Reactive distillation is an operation that incorporates chemical reaction and physical separation in a single unit [1]. This process, when applicable, has several potential advantages for the industry when compared to conventional systems, such as the reduction of capital costs, improvement of component separations, use of fewer instruments for monitoring, reduction of energy costs, and improvement in reaction selectivity [2, 3, 4, 5, 6]. Among the possible applications of reactive distillation, the separation of azeotropic mixtures and compounds with similar boiling points can be carried out by adding a reagent that promotes the consumption of one component of the mixture and forms a product with markedly different physical properties, thereby favoring separation. However, the use of reactive distillation is more frequent in systems where product formation is limited by chemical equilibrium. This separation technique allows for the constant removal of one or more products promotes or increases reactant conversion [7].

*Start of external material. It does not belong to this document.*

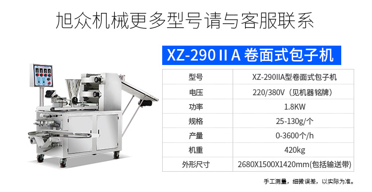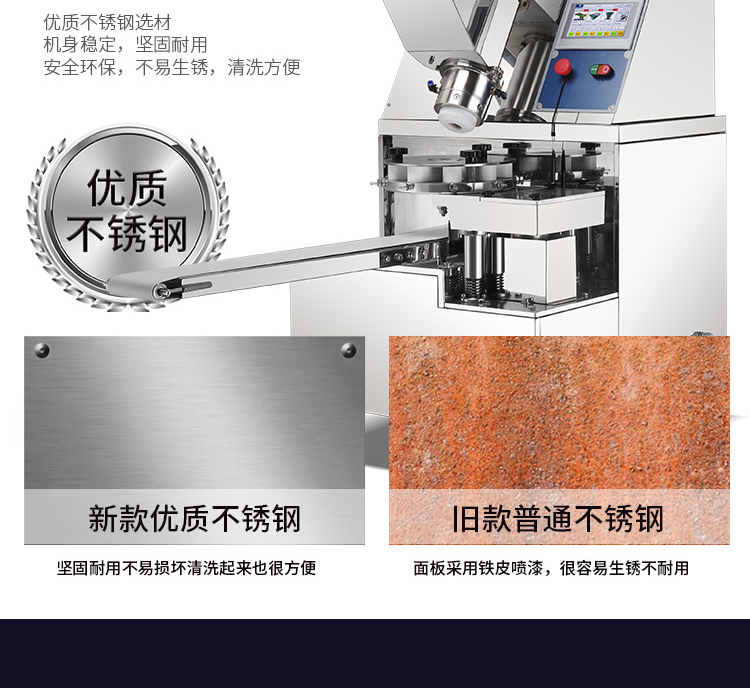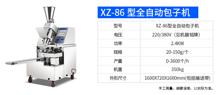 旭眾牌XZ-915全自動(dòng)包子機(jī)體積小重量輕,外殼及接觸食品部分均由不銹鋼制造,外觀精美耐用;采用三變頻無極變速調(diào)控,生產(chǎn)性能穩(wěn)定。設(shè)計(jì)先進(jìn),結(jié)構(gòu)簡(jiǎn)單,操作方便。包子機(jī)三大特色:

The first patents for the reactive distillation process were published in the 1920s, developed by Backhaus for the production of esters [8, 9, 10]. However, few industrial applications were developed before the 1980s [11], when the commercial process for methyl acetate synthesis via reactive distillation with a homogeneous catalyst was patented by Agreda and Partin [12], in collaboration with the Eastman Chemical Company. This application of reactive distillation is considered an exemplary case because of the substantial reduction in process costs (∼80%) [13] achieved through the elimination of units, such as reactors and separation columns, and the possibility of heat integration. The conventional methyl acetate synthesis process (Figure 1), which comprises 11 different steps and 28 pieces of equipment, was replaced by only a highly integrated reactive distillation column (Figure 2), enabling the aforementioned reduction in process costs. Recent uses of reactive distillation in chemicals production such as acetic acid and methanol [14], alkyl carbonates [15], butadiene [16], butyl acetate [17], carboxylic acids and ether [18] and carboxylic esters [19] are described in patents.

Figure 1.

Schematic representation of the conventional process for the synthesis of methyl acetate. Caption: R01: reactor; S01: mixer; S02: extractive distillation; S03: solvent recovery; S04: methanol recovery (MeOH); S05: extractor; S06: azeotropic column; S07-S09: flash columns; S08: acetic acid recovery; V01: decanter.

Figure 2.

Schematic representation of the integrated process for the production of methyl acetate by reactive distillation.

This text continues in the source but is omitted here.